#ubuntu-arb 2012-04-17
<ajmitch> highvoltage: so, with some screen-scraping magic, I produced https://wiki.ubuntu.com/AppReviewBoard/ToReview to get a list of all apps that we can't see in the needs info state
<ajmitch> there are a lot
<ajmitch> wendar: you may be interested in the url above as well
<highvoltage> ajmitch: ah great, how do you get the needs-information ones? I thought they just dissapear from us once they go into that state
<ajmitch> highvoltage: they do
<ajmitch> but you can guess the url, so I poked the urls from 1 to 800 & saw which had information I could see
<highvoltage> ah
<ajmitch> it's ugly, but the bug hasn't been touched since it was filed 3 months ago, even after poking a canonical person
<ajmitch> there are a few submissions there where they've given info & we haven't been able to see it, like https://myapps.developer.ubuntu.com/dev/apps/575/feedback/
<ajmitch> others might be rejected because they haven't responded in a couple of months to a request, we might want to discuss how long that should be before we mass-reject
<ajmitch> anyway, I hope it helps :)
<highvoltage> I think it will
<ajmitch> wendar: does https://bugs.launchpad.net/ubuntu/+source/bamf/+bug/903843 still affect precise? it was holding up crabhack (https://myapps.developer.ubuntu.com/dev/apps/174/feedback/)
<highvoltage> ajmitch: should I go ahead and reject ibus-table-burmese with a nice message?

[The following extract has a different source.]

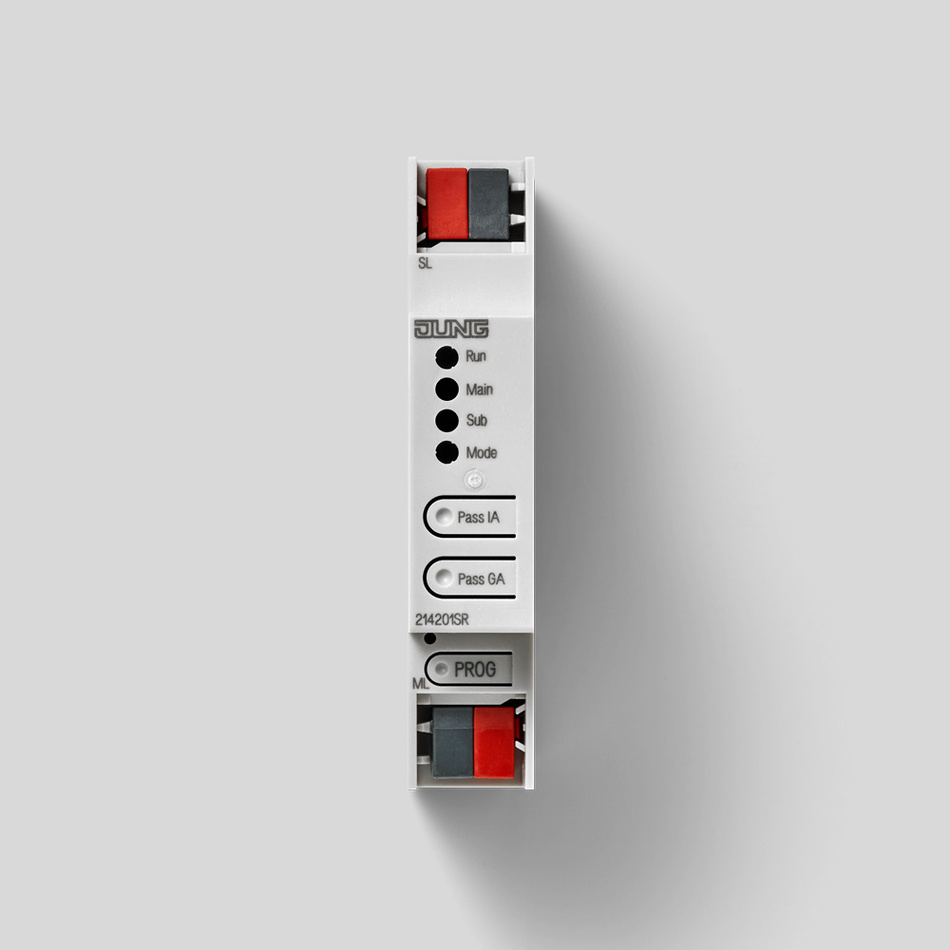 JUNG stellt den Bereichs-/Linienkoppler vor, der als zentrales Element für KNX konzipiert ist und mit 1 TE besonders wenig Platz im Verteilerschrank benötigt. Das Systemgerät bietet Flexibilität und Kontrolle bei der Verwaltung von KNX Linien im KNX Smart Building. Als Bereichskoppler dient das Produkt zur Verbindung einer Hauptlinie mit einer Bereichslinie, wahlweise mit oder ohne Filterfunktion. Darüber hinaus kann der Bereichs- und Linienkoppler als Verstärker fungieren und ermöglicht die Aufbereitung und Wiederholung von Telegrammen auf einer Linie ohne Filterfunktion. Mit der ETS6 ist nun auch die Verbindung von Segmenten möglich. Im Unterschied zum Linienverstärker kann der Segmentkoppler Filtertabellen bereitstellen. Er unterstützt die Aufteilung einer Linie in bis zu vier unabhängige Liniensegmente, wobei pro Linie maximal drei parallel geschaltete Linienverstärker eingesetzt werden können, mit insgesamt maximal 255 Teilnehmern. Als Linienkoppler dient das Produkt zur Verbindung einer Linie mit einer Hauptlinie, wobei diese Funktion wahlweise mit oder ohne Filtertabelle genutzt werden kann. Logisch wird der Koppler der untergeordneten Linie zugeordnet.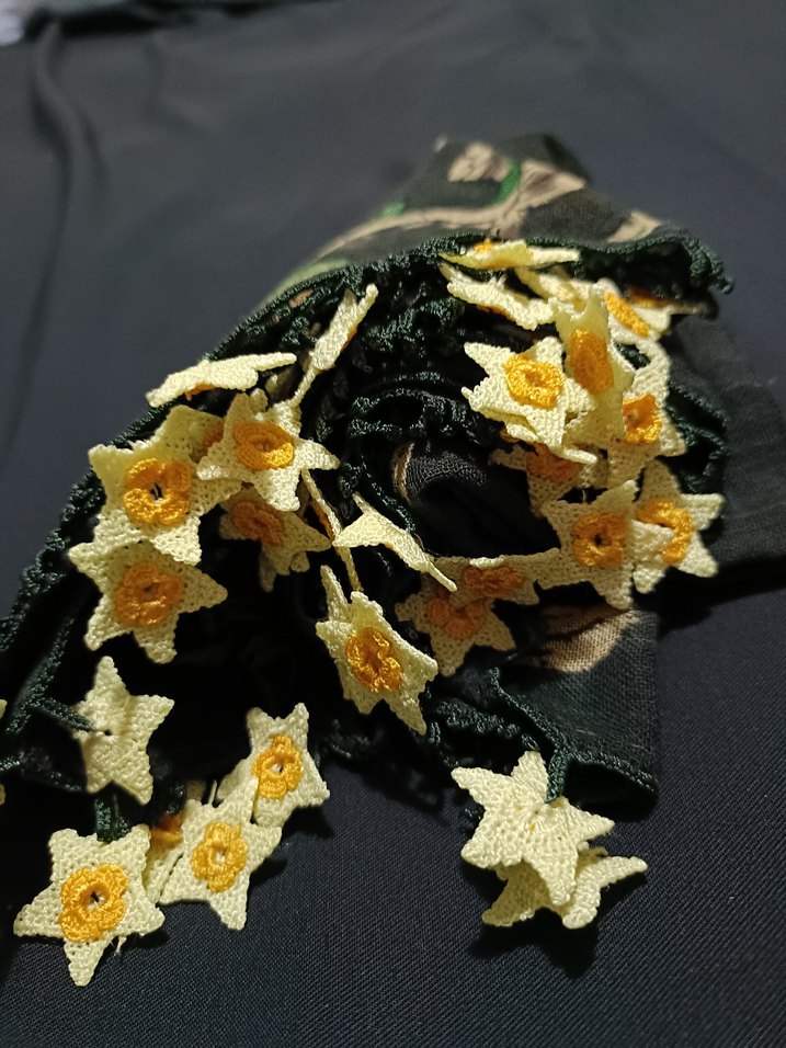 Koyu sarı renkte, dantel çiçek detaylı tekstil kadın şal, avangart tarzlar için uygun.

<ajmitch> highvoltage: I think so, our guidelines (which likely aren't linked anywhere from the developer.ubuntu.com site) state they must be graphical applications, not content
<highvoltage> where is that link btw?
<ajmitch> https://wiki.ubuntu.com/AppReviewBoard/Review/Guidelines
<ajmitch> https://wiki.ubuntu.com/AppReviewBoard/Review/Responses has the canned responses that you can edit when replying
<ajmitch> highvoltage: you never got the reply on https://myapps.developer.ubuntu.com/dev/apps/398/feedback/, I guess?
<highvoltage> ajmitch: indeed
<ajmitch> epic
<ajmitch> please complain on https://bugs.launchpad.net/developer-portal/+bug/927588 and https://bugs.launchpad.net/developer-portal/+bug/915902 :)
<ajmitch> highvoltage: worth rejecting that .net app if it can't be built with mono
<ajmitch> just apologise for not seeing his reply ;)
<highvoltage> ajmitch: ok
<highvoltage> ajmitch: he could submit it as a non-free app if he compiles it on windows, right?
<ajmitch> not unless he changes the license
<ajmitch> it's LGPL, so needs to have source & I doubt that the commercial apps team would ship something that must have source with it, that cannot be built
<ajmitch> of course I could be wrong, but that's why I rejected zeroballistics rather than pushing to the commercial queue
<highvoltage> hmm, how do I reject an app in a needs-information state?
<ajmitch> ...
<ajmitch> it doesn't look like you can
<ajmitch> win!
 * ajmitch goes to file a bug about that
<highvoltage> heh
<highvoltage> is there a bug for that too that I can click on affects-me?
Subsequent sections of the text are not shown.